> Exercise prompt:
As output, give the exact lines from the one containing "นักเรียนร่วมกันทำดอกไม้จันทร์..." through the end of the listing below, both included, without the pictures.

> Data supplied:
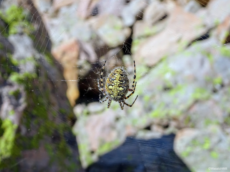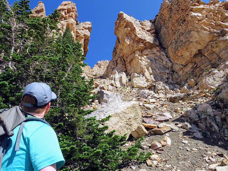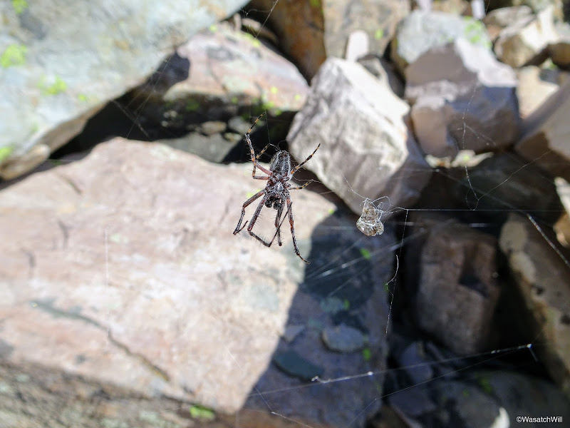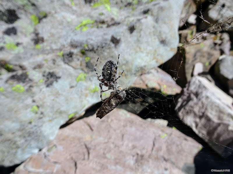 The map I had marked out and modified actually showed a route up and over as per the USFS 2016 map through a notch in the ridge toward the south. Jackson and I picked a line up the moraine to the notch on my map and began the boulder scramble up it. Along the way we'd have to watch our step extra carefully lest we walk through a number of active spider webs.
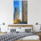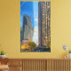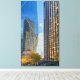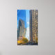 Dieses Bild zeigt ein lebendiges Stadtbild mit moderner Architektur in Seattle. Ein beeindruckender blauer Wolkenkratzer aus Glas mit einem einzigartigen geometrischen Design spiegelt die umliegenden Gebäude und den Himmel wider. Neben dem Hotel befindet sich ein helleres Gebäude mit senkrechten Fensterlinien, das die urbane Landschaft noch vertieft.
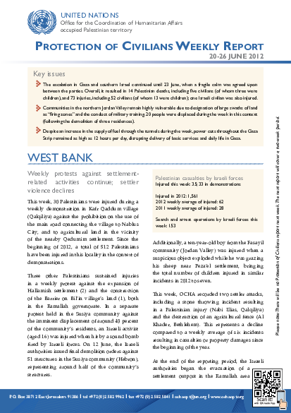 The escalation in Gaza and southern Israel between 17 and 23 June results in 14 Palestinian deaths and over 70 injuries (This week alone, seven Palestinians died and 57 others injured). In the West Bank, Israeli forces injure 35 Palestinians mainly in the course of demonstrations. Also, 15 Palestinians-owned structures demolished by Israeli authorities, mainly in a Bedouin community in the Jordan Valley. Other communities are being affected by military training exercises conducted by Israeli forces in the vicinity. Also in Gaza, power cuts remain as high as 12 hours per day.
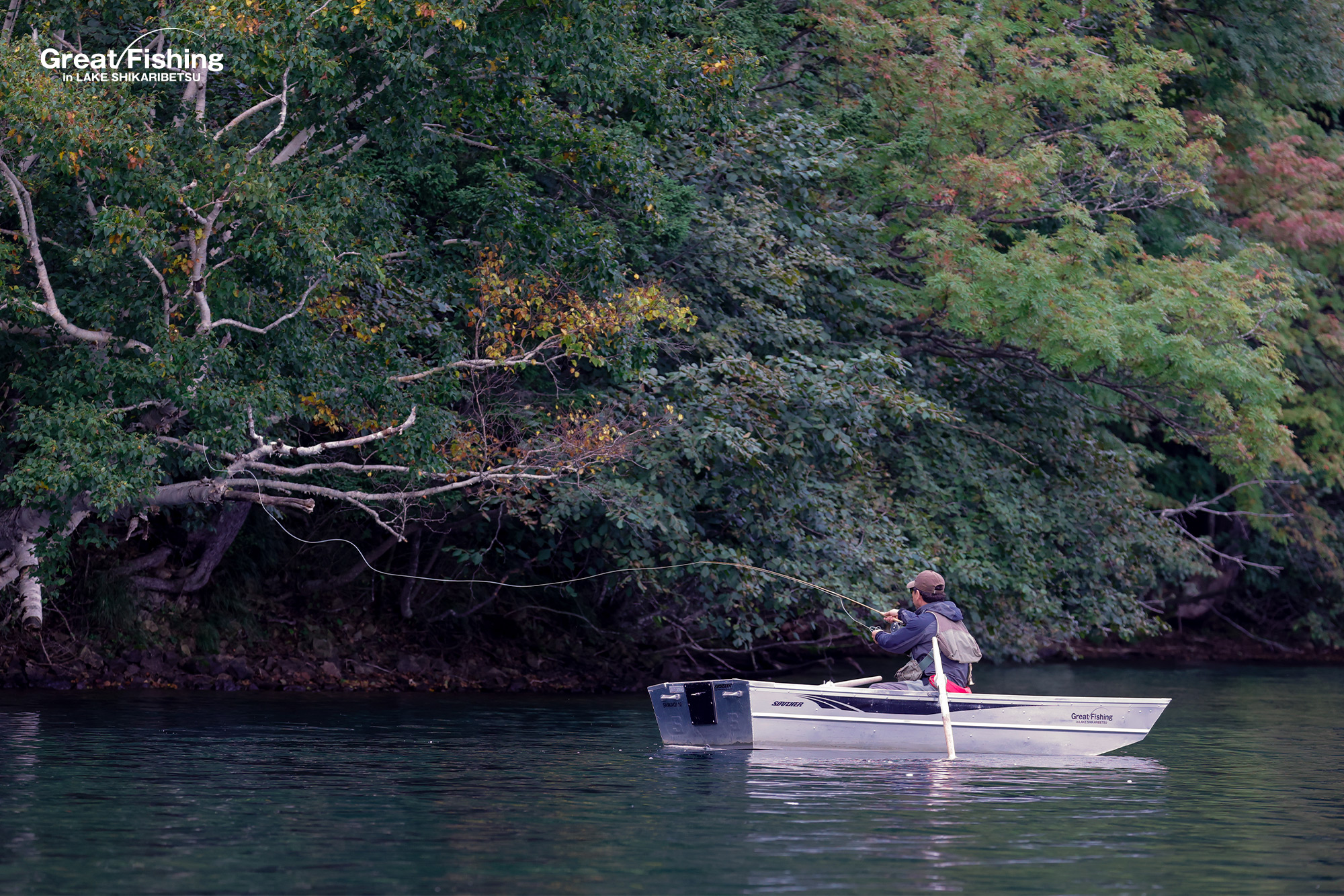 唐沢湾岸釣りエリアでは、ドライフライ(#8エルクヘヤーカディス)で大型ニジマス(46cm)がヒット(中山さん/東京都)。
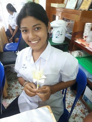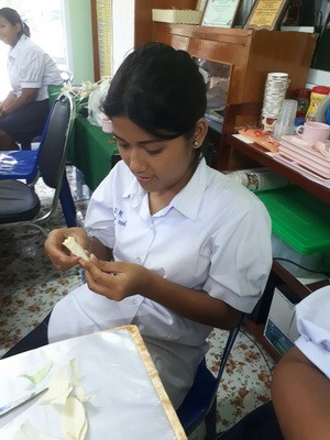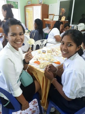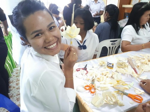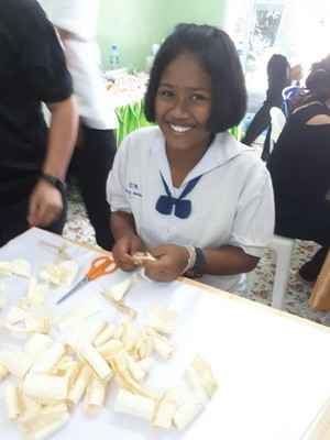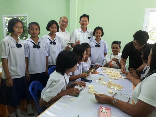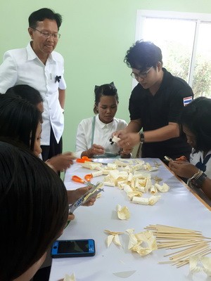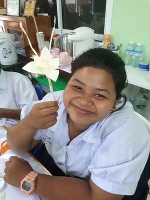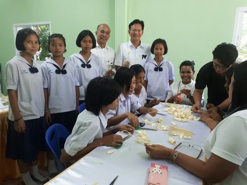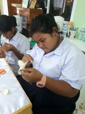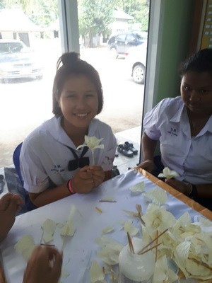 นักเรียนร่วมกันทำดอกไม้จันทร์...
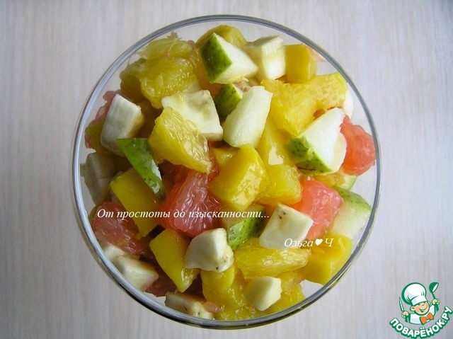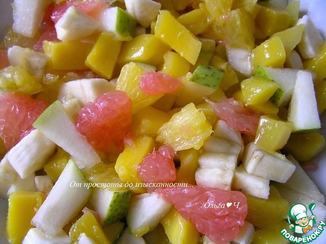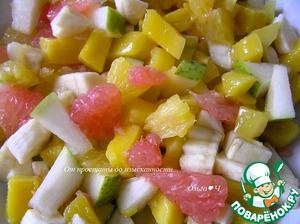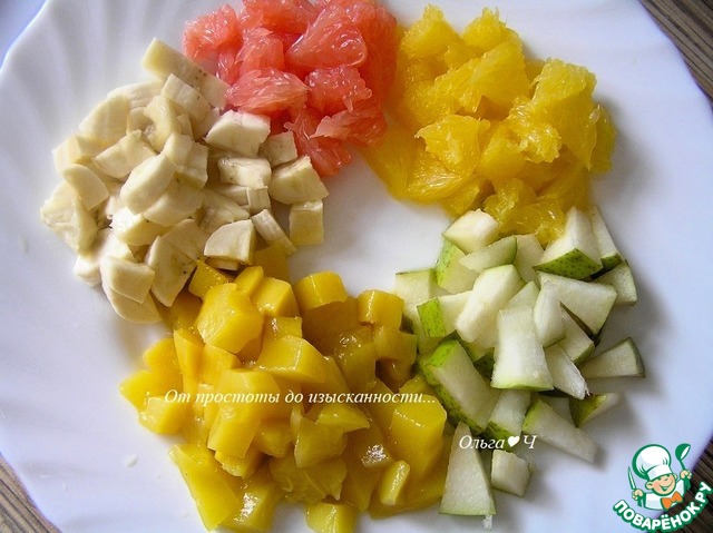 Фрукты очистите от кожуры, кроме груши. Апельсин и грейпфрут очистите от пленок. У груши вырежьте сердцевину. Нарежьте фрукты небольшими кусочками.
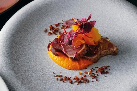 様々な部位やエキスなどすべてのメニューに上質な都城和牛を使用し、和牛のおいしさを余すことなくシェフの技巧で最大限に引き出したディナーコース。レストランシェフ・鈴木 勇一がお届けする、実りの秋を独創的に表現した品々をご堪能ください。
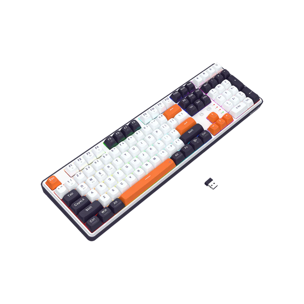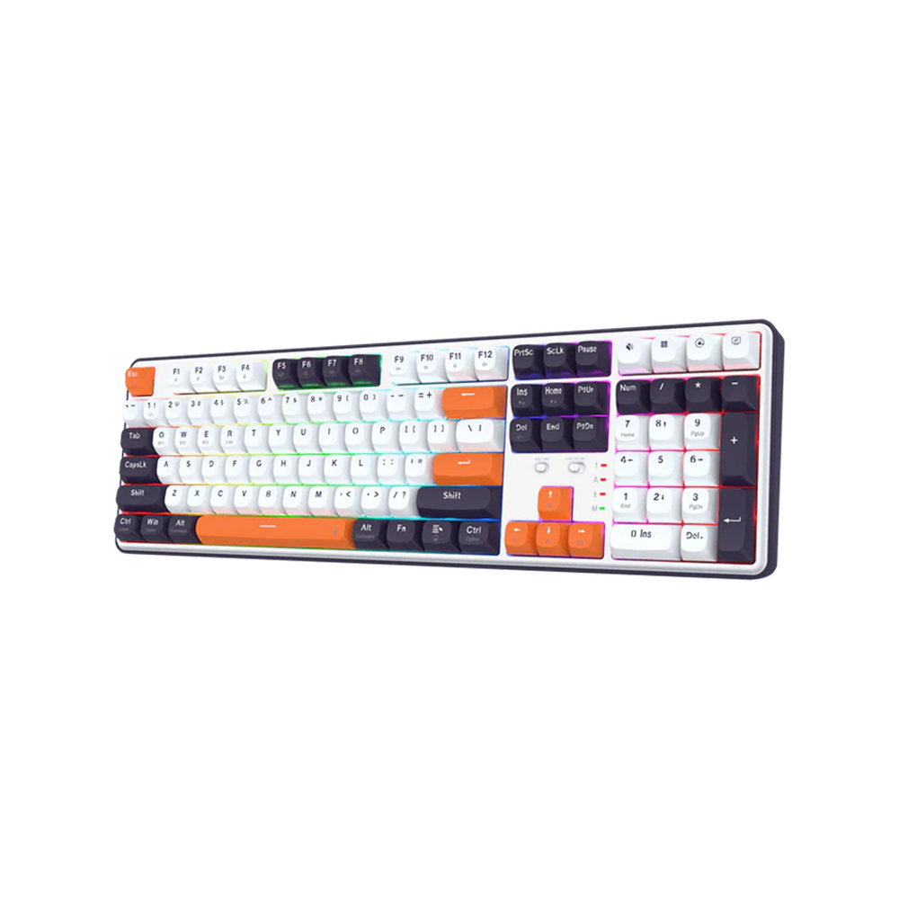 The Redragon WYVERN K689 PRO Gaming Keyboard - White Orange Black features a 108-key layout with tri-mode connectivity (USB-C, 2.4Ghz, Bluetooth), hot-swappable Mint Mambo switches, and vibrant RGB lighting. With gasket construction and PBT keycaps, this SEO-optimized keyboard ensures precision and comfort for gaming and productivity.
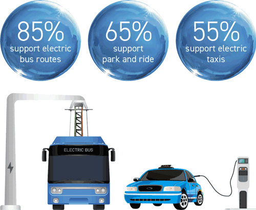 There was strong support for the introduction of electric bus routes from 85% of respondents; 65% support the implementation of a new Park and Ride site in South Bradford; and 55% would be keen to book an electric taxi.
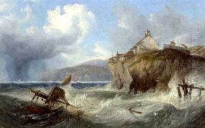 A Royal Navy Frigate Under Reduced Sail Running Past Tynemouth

> Solution for this exercise:
 นักเรียนร่วมกันทำดอกไม้จันทร์...
 Фрукты очистите от кожуры, кроме груши. Апельсин и грейпфрут очистите от пленок. У груши вырежьте сердцевину. Нарежьте фрукты небольшими кусочками.
 様々な部位やエキスなどすべてのメニューに上質な都城和牛を使用し、和牛のおいしさを余すことなくシェフの技巧で最大限に引き出したディナーコース。レストランシェフ・鈴木 勇一がお届けする、実りの秋を独創的に表現した品々をご堪能ください。
 The Redragon WYVERN K689 PRO Gaming Keyboard - White Orange Black features a 108-key layout with tri-mode connectivity (USB-C, 2.4Ghz, Bluetooth), hot-swappable Mint Mambo switches, and vibrant RGB lighting. With gasket construction and PBT keycaps, this SEO-optimized keyboard ensures precision and comfort for gaming and productivity.
 There was strong support for the introduction of electric bus routes from 85% of respondents; 65% support the implementation of a new Park and Ride site in South Bradford; and 55% would be keen to book an electric taxi.
 A Royal Navy Frigate Under Reduced Sail Running Past Tynemouth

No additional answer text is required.